Forgive my silence; the motive of it is good.
"The form our investigation must now take is
simple enough. The handwriting on your receipt
must be compared, by competent persons whom we
have at our disposal, with certain specimens of hand-
writing in our possession. I cannot send you the
specimens, for business reasons, which, when you
hear them, you are sure to approve. I must beg
you to send me the receipt to Neuchâtel—and, in
making this request, I must accompany it by a word
of necessary warning.
"If the person, at whom suspicion now points,
really proves to be the person who has committed
this forgery and theft, I have reason to fear that
circumstances may have already put him on his
guard. The only evidence against him is the
evidence in your hands, and he will move heaven and
earth to obtain and destroy it. I strongly urge you
not to trust the receipt to the post. Send it to me,
without loss of time, by a private hand, and choose
nobody for your messenger but a person long
established in your own employment, accustomed to
travelling, capable of speaking French; a man of
courage, a man of honesty, and, above all things, a
man who can be trusted to let no stranger scrape
acquaintance with him on the route. Tell no one—
absolutely no one—but your messenger of the turn
this matter has now taken. The safe transit of the
receipt may depend on your interpreting literally the
advice which I give you at the end of this letter.

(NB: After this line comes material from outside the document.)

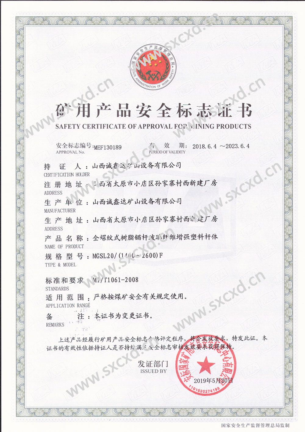 20錨桿安標(biāo)證書

"I have only to add that every possible saving
of time is now of the last importance. More than
one of our receipt-forms is missing—and it is
impossible to say what new frauds may not be
committed, if we fail to lay our hands on the thief.
"Your faithful servant.
"ROLLAND,
"(Signing for Defresnier and Cie)."
Who was the suspected man? In Vendale's
position, it seemed useless to inquire.
Who was to be sent to Neuchâtel with the
receipt? Men of courage and men of honesty
were to be had at Cripple Corner for the
asking. But where was the man who was
accustomed to foreign travelling, who could
speak the French language, and who could be
really relied on to let no stranger scrape
acquaintance with him on his route? There was
but one man at hand who combined all those
requisites in his own person, and that man was
Vendale himself.
It was a sacrifice to leave his business; it
was a greater sacrifice to leave Marguerite.